** Problem to work on **
Among the entries below, only the lines starting at the one with "地铁上盖物业,无缝接驳地铁1" and ending at the one with "Dragonfly Organic Happy", both included, are to be printed exactly.

** Records to process **
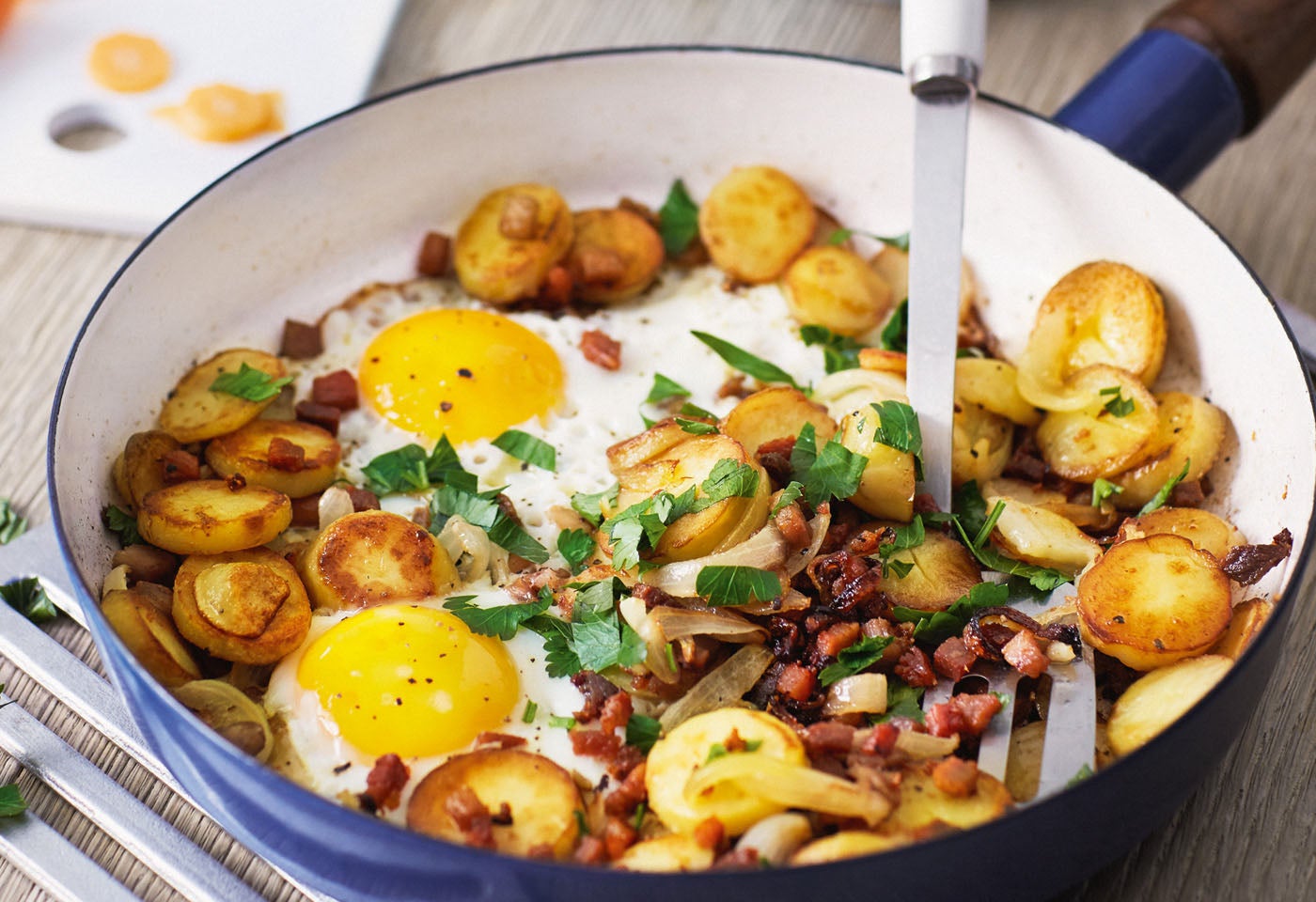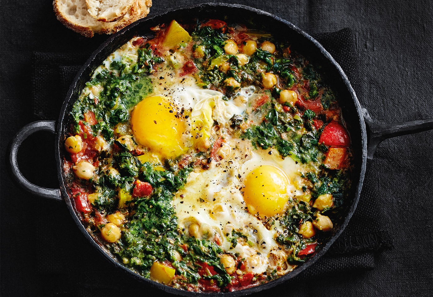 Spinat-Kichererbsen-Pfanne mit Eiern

==

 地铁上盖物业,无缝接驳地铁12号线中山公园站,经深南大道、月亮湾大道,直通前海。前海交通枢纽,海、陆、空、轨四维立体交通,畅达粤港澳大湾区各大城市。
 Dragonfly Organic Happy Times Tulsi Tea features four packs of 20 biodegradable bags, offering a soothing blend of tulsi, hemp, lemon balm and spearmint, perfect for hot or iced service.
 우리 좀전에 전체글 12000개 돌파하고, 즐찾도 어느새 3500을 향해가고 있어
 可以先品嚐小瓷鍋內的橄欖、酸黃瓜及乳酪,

==

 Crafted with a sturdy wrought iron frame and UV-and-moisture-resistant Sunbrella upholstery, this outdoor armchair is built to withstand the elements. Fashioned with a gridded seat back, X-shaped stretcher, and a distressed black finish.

** Response for this exercise **
 地铁上盖物业,无缝接驳地铁12号线中山公园站,经深南大道、月亮湾大道,直通前海。前海交通枢纽,海、陆、空、轨四维立体交通,畅达粤港澳大湾区各大城市。
 Dragonfly Organic Happy Times Tulsi Tea features four packs of 20 biodegradable bags, offering a soothing blend of tulsi, hemp, lemon balm and spearmint, perfect for hot or iced service.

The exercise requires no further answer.